Bodhisattva in Training

October 23, 2011 Uncategorized

Continuous Integration Principles–Task Size Rules

Principles are those kinda things that you don’t have to believe in for them to exist.  For that matter they will still push you around without your consent.  I have never seen a set of Continuous Integration (CI) principles so I thought that I could share the ones that I have found through out my career.  The first one I elect to share is on task size…


Below is a loop diagram that shows some of the forces and effects task size can exert on CI.  If you have never seen a loop diagram before you can read this diagram by ideas relating to each other either in the same way or in the oppisite way.

As task size increases changeset size will increase as well.  People tend to commit changes when they have completed a task.

As changeset size increases so does the average time to fix a build.  When a build breaks and the changeset size was small it is generally easy to know what went wrong and fix it.  If the changeset size was large there are more things to suspect, investigate, and debug.  This takes longer.

As the average time to fix a broken build increases the build availability decreases.  This is assuming that you don’t allow committing changes to a broken build…the more often you have hard to fix builds the less available the build will be.

As the build is less available the changeset size will increase.  This is because developers will continue working while the build is not available, thus increasing the size of their changesets.

As changeset size increases the build stability will decrease.
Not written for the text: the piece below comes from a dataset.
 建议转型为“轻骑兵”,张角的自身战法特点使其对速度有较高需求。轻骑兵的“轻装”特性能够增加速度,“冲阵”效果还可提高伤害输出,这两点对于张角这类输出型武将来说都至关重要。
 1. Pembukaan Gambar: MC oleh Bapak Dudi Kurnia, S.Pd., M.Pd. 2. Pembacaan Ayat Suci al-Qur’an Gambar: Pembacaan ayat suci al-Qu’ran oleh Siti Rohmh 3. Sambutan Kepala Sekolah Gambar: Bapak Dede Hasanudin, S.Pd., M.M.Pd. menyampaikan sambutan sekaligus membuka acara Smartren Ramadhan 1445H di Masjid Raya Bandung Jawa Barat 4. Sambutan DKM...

This is because the build breaks more often with large changesets than small changesets.

As build stability decreases the development environment tractability will decrease.  It is more difficult to work on a codeline that is unstable than a stable codeline.

As the environment tractability decreases the rate of change to the codeline will decrease.  Again it is more difficult to work on an unstable codebase.
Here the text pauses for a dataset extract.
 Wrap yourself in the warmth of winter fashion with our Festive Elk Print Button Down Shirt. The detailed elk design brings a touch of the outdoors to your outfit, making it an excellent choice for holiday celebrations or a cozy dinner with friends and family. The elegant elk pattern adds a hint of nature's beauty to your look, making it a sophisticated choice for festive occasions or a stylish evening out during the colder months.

As the rate of change decreases there will be less broken builds.  If you have a high rate of change you will have more broken builds.
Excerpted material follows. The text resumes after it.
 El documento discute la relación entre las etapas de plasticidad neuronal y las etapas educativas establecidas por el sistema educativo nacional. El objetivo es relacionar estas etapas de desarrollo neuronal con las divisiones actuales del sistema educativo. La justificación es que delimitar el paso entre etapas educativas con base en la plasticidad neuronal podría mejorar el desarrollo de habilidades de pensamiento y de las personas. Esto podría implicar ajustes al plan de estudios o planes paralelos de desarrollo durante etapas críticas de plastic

As the number of broken builds increases the build availability will decrease.


I don’t mean to show this loop diagram as a standalone or complete system.  There are other forces that can come into play here to address the number of build breaks, how long it takes to fix a broken build, or even isolating build breaks.  These are important.  But they are not the core system.  This is the core system and the root input affecting the system’s output is the size of tasks.  If people are working with small tasks they will break the build far less often and when they do it will be easy to fix.  If people are working with large tasks they will break the build often and when they do it will be difficult to fix.  From what I have seen it works best when one or more small tasks can be completed in a day.  You will need to figure out what works on your project. 

You can also add to this diagram mitigating forces such as a precommit developer build to help control the number of broken builds.

P.S. If you are having a hard time getting task sizes down maybe you should draw a loop diagram of the forces at play keeping task sizes large on your project.

4 to “Continuous Integration Principles–Task Size Rules”


  1. […] Continuous Integration Principles–Task Size Rules has a diagram that seems about right — even if I haven’t really thought about it in great depth. […]

  1. A Smattering of Selenium #72 « Official Selenium Blog says...

    […] Continuous Integration Principles–Task Size Rules has a diagram that seems about right — even if I haven’t really thought about it in great depth. […]

  2. Kelly Summerlin says...

    The main fault I have with this diagram (and this thinking) is that there is only one build. CI is about integrating my code with other developer’s code, not about getting a build out there for QA. This means you need at least two builds. One build that is truly continuous on a build server meant to validate my code and your code as well as my tests and your tests work correctly when integrated. That build should never really “available” to anyone.

    A QA build on the other hand should integrate only things we know build correctly and have 100% passing tests (unit, integration tests). That build should theoretically always be available. But when that build is unavailable, it can be very hard to determine why it is unavailable, especially when the CI build is all green.

  3. Kelly Summerlin says...

    After reviewing your diagram again, I think I need to restate my previous comments. Your diagram seems to take the point that the CI build being broken causes stress and that stress is greater with larger change sets — which is absolutely true.

    Having worked with teams that are both very diligent about not breaking the build and teams that break the build about four or five times a day, I have become a proponent of separating the code that has yet to go through a green bar CI build. This means that code in the main branch has at least gotten past the CI gatekeeper. Code that breaks the CI doesn’t affect every other developer on the team, only the person(s) that checked in the breaking code. This usually means pulling from one branch and pushing to another CI branch (in git terms). The CI build is then responsible for pushing green bar change sets out to the main branch. Takes a little more discipline though.